Data entries:
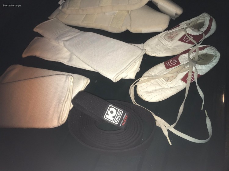 Proteccoes, sapatilhas e cinto negro para karate em bom estado
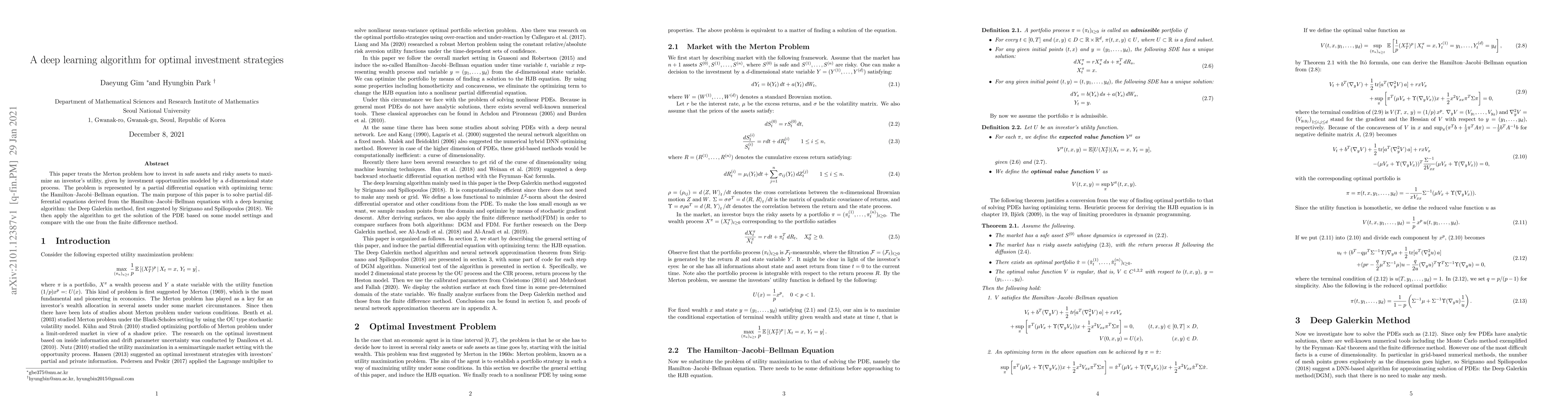 A deep learning algorithm is used to solve a mathematical problem for optimal investment strategies, solving a partial differential equation with high accuracy and compared to traditional finite difference methods.
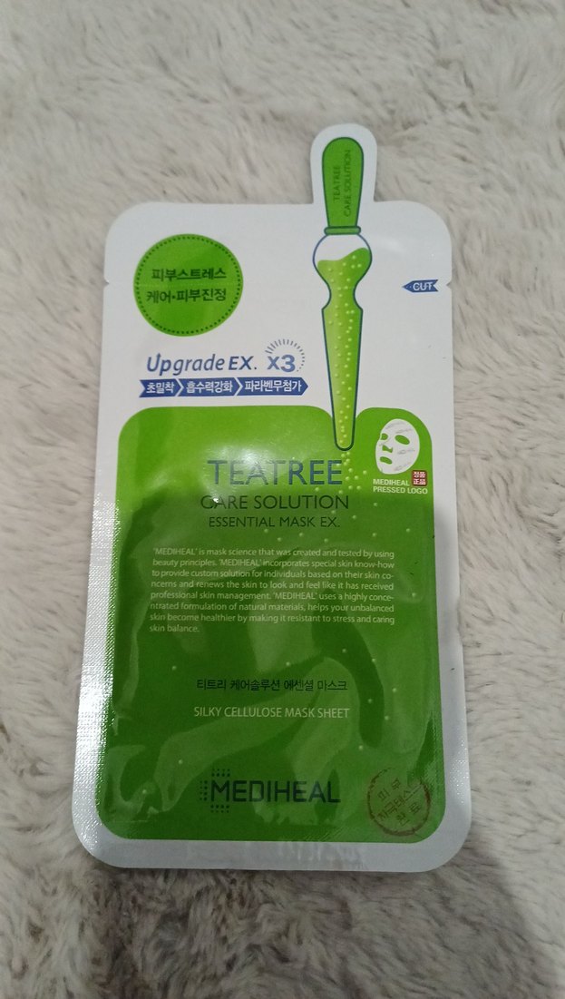 Mediheal Teatree Essential Mask EX, ciltte yatıştırıcı ve dengeleyici etkiye sahip, ipeksi hücre maskesi.
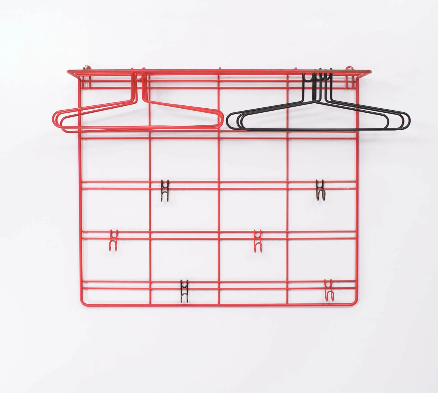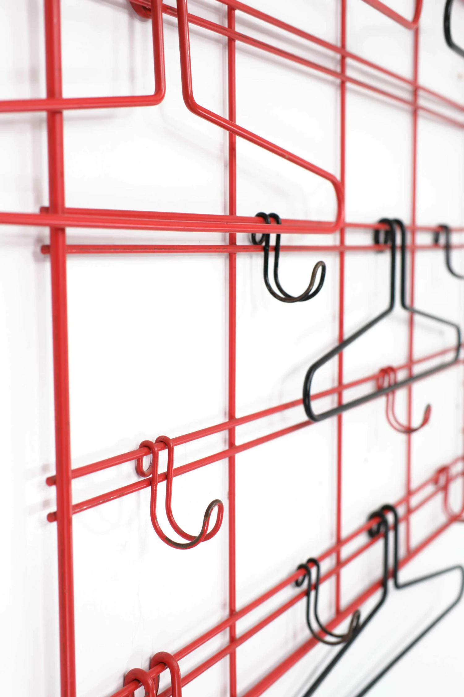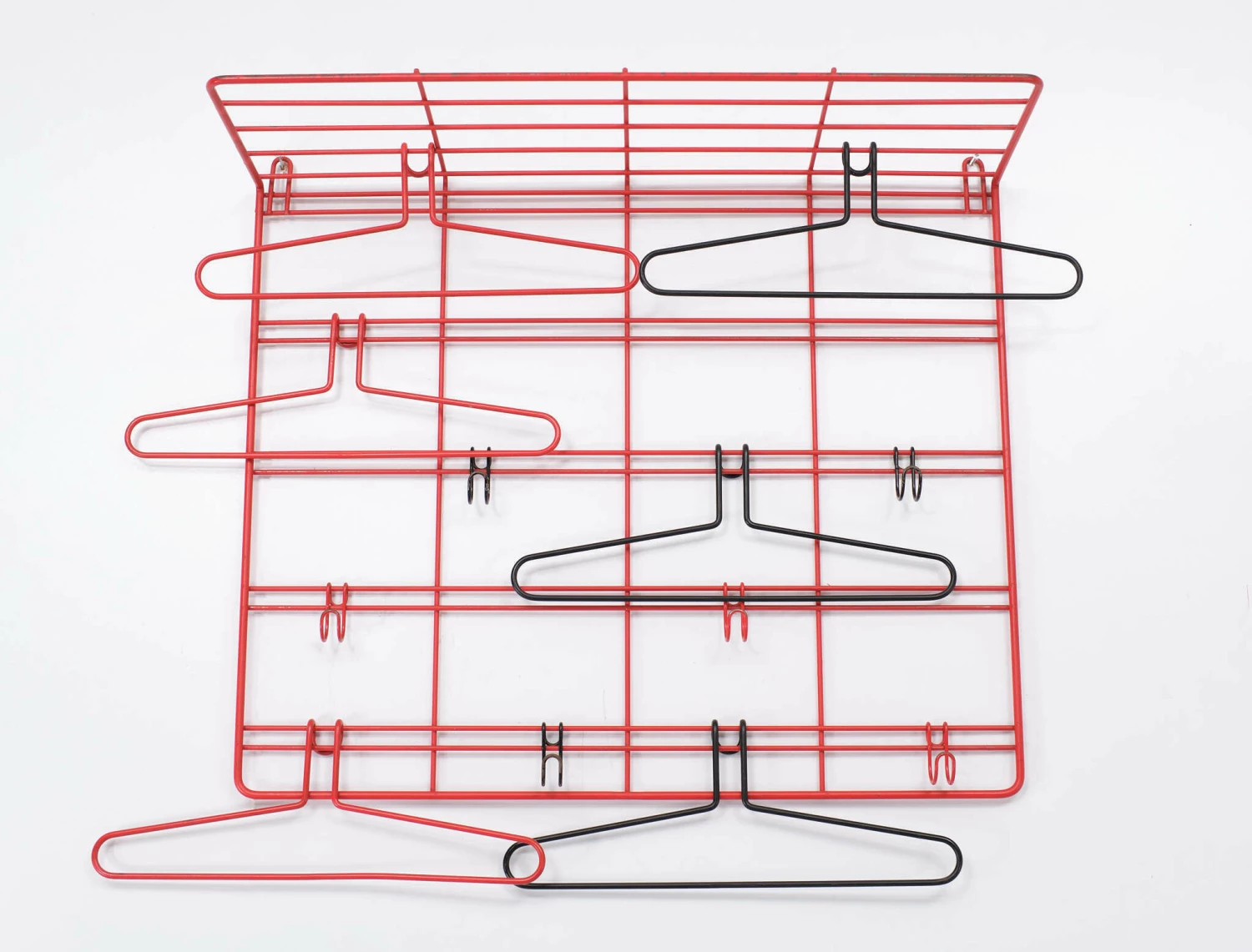 Remarkably this set is still complete comes with the 6 hooks and the 6 hangers .In Black and Red color . Made of Iron . Great looking piece . Normal wear and tear .
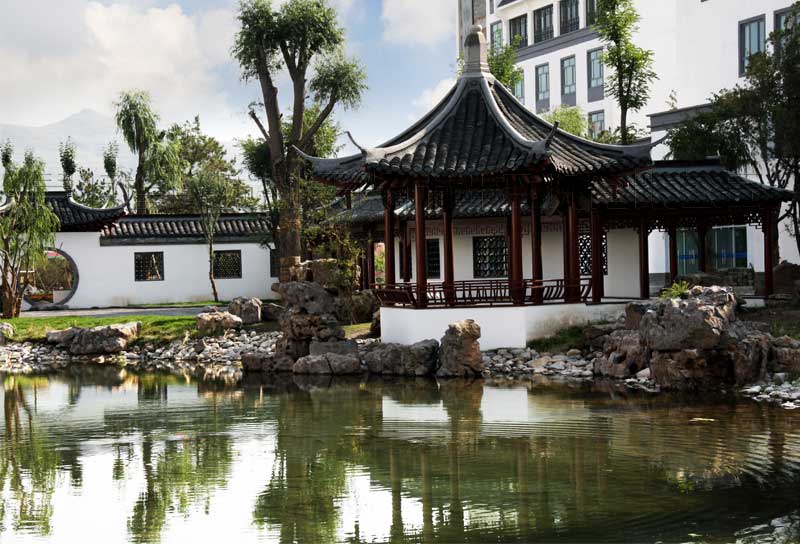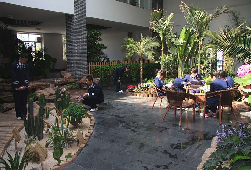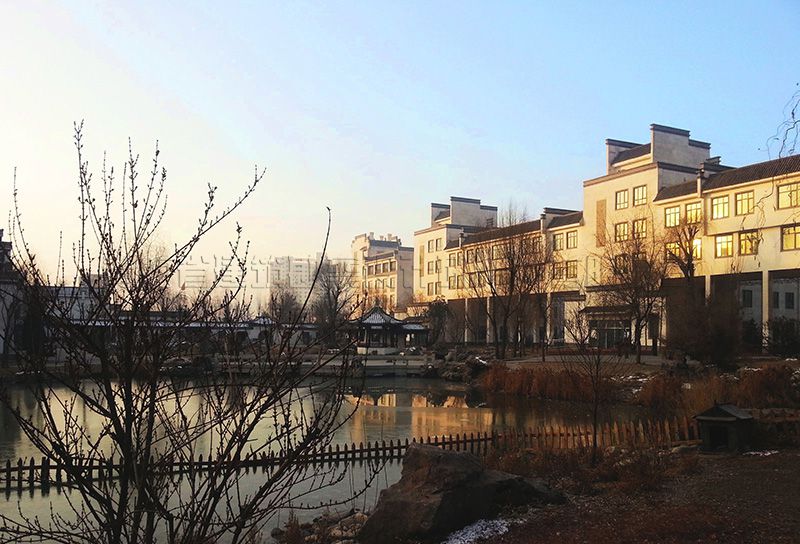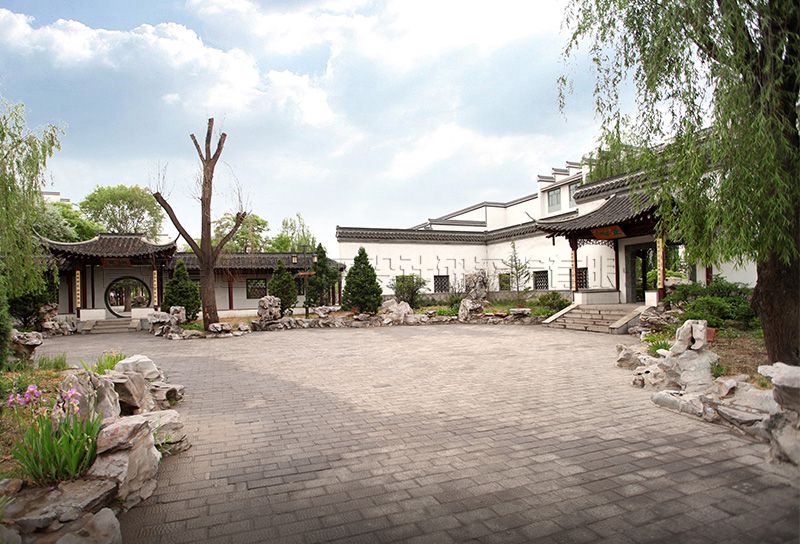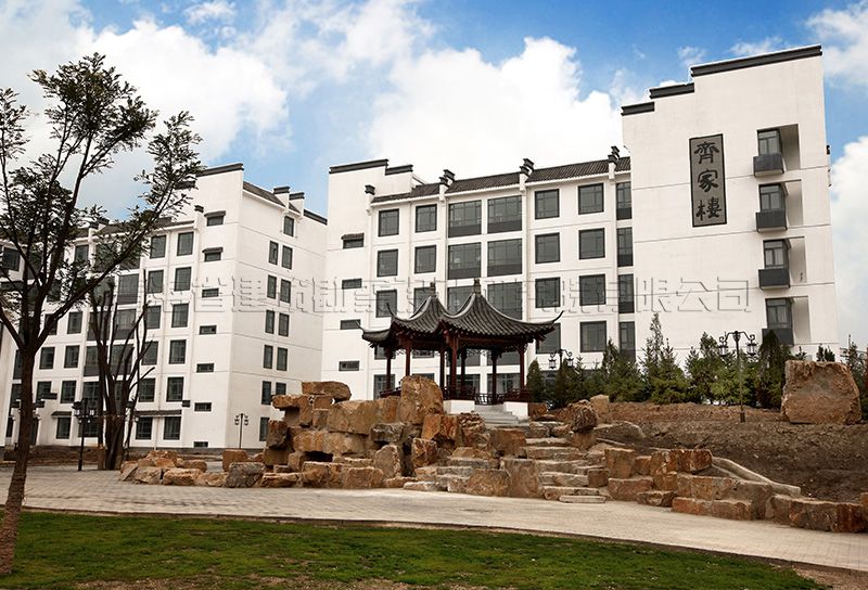 校區(qū)主入口設(shè)在南端,人流出入口寬24米,車流設(shè)9米寬獨(dú)立出入口,遠(yuǎn)離城市主干道,通過校區(qū)主要入口進(jìn)入校前廣場,辦公區(qū)布置在廣場東側(cè)靠規(guī)劃路,教學(xué)區(qū)布置在廣場西側(cè)最安靜區(qū)域,餐廳及宿舍布置在西北角,400米運(yùn)動(dòng)場布置在用地東北角,臨城市主干道。規(guī)劃采用集中緊湊的功能布局結(jié)構(gòu),將教學(xué)、生活及運(yùn)動(dòng)區(qū)用簡潔三角形空間連接,最大限度縮短師生步行距離,并通過大小不同的主題廣場、綠化、湖面將三部分有機(jī)連為一體。在學(xué)校的創(chuàng)作中,建筑師結(jié)合學(xué)校辦學(xué)思想和理念,確認(rèn)以“簡徽”建筑風(fēng)格及“蘇州”園林景觀的設(shè)計(jì)思路,通過對設(shè)計(jì)思路反復(fù)論證、研討、修訂,歷時(shí)一年完成新校建筑設(shè)計(jì)方案及施工圖設(shè)計(jì)。

**PROBLEM STATEMENT:** No picture belongs in the copy. Print every entry above exactly as it stands.

**ANSWER TO THIS PROBLEM:**
 Proteccoes, sapatilhas e cinto negro para karate em bom estado
 A deep learning algorithm is used to solve a mathematical problem for optimal investment strategies, solving a partial differential equation with high accuracy and compared to traditional finite difference methods.
 Mediheal Teatree Essential Mask EX, ciltte yatıştırıcı ve dengeleyici etkiye sahip, ipeksi hücre maskesi.
 Remarkably this set is still complete comes with the 6 hooks and the 6 hangers .In Black and Red color . Made of Iron . Great looking piece . Normal wear and tear .
 校區(qū)主入口設(shè)在南端,人流出入口寬24米,車流設(shè)9米寬獨(dú)立出入口,遠(yuǎn)離城市主干道,通過校區(qū)主要入口進(jìn)入校前廣場,辦公區(qū)布置在廣場東側(cè)靠規(guī)劃路,教學(xué)區(qū)布置在廣場西側(cè)最安靜區(qū)域,餐廳及宿舍布置在西北角,400米運(yùn)動(dòng)場布置在用地東北角,臨城市主干道。規(guī)劃采用集中緊湊的功能布局結(jié)構(gòu),將教學(xué)、生活及運(yùn)動(dòng)區(qū)用簡潔三角形空間連接,最大限度縮短師生步行距離,并通過大小不同的主題廣場、綠化、湖面將三部分有機(jī)連為一體。在學(xué)校的創(chuàng)作中,建筑師結(jié)合學(xué)校辦學(xué)思想和理念,確認(rèn)以“簡徽”建筑風(fēng)格及“蘇州”園林景觀的設(shè)計(jì)思路,通過對設(shè)計(jì)思路反復(fù)論證、研討、修訂,歷時(shí)一年完成新校建筑設(shè)計(jì)方案及施工圖設(shè)計(jì)。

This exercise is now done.